* Problem to work on *
Match on the string "served" in the entries below and return every matching line.

* Source records *

"""

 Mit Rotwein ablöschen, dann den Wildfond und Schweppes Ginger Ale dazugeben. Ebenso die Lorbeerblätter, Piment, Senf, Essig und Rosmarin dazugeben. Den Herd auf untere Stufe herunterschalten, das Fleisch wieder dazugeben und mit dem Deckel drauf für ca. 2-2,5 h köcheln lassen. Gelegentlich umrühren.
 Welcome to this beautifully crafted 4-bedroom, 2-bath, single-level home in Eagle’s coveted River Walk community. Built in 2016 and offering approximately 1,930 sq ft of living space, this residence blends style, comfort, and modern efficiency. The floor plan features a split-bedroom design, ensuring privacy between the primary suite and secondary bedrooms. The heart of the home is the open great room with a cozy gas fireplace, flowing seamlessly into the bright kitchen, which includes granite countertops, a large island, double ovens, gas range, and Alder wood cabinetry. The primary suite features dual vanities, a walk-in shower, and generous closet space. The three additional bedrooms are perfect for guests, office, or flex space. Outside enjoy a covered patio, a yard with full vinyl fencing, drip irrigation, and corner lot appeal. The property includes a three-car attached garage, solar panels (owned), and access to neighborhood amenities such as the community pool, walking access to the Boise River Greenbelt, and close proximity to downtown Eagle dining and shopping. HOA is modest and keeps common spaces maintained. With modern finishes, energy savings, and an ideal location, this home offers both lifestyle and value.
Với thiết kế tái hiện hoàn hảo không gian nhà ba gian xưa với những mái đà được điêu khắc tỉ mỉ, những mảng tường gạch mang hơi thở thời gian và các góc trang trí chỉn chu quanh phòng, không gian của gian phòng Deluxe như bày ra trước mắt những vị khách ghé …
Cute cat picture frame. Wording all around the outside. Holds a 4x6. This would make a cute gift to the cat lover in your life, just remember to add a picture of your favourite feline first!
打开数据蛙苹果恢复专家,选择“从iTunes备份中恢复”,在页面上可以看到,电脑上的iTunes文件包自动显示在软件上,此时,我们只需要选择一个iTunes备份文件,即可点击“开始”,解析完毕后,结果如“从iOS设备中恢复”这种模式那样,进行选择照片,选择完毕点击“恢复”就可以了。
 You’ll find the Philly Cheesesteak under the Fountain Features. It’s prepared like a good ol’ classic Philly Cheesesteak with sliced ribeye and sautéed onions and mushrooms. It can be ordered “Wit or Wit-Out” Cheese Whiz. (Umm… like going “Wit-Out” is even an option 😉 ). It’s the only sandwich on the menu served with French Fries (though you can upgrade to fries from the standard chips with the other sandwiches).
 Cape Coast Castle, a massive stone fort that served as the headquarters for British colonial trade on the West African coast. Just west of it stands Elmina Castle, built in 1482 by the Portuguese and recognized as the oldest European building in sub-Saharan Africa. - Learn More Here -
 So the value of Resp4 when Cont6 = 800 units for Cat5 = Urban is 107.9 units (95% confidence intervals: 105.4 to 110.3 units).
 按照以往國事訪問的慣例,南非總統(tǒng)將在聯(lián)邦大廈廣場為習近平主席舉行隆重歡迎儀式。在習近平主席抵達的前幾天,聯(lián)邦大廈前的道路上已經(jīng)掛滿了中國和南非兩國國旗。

"""

* Reply to the exercise *
 You’ll find the Philly Cheesesteak under the Fountain Features. It’s prepared like a good ol’ classic Philly Cheesesteak with sliced ribeye and sautéed onions and mushrooms. It can be ordered “Wit or Wit-Out” Cheese Whiz. (Umm… like going “Wit-Out” is even an option 😉 ). It’s the only sandwich on the menu served with French Fries (though you can upgrade to fries from the standard chips with the other sandwiches).
 Cape Coast Castle, a massive stone fort that served as the headquarters for British colonial trade on the West African coast. Just west of it stands Elmina Castle, built in 1482 by the Portuguese and recognized as the oldest European building in sub-Saharan Africa. - Learn More Here -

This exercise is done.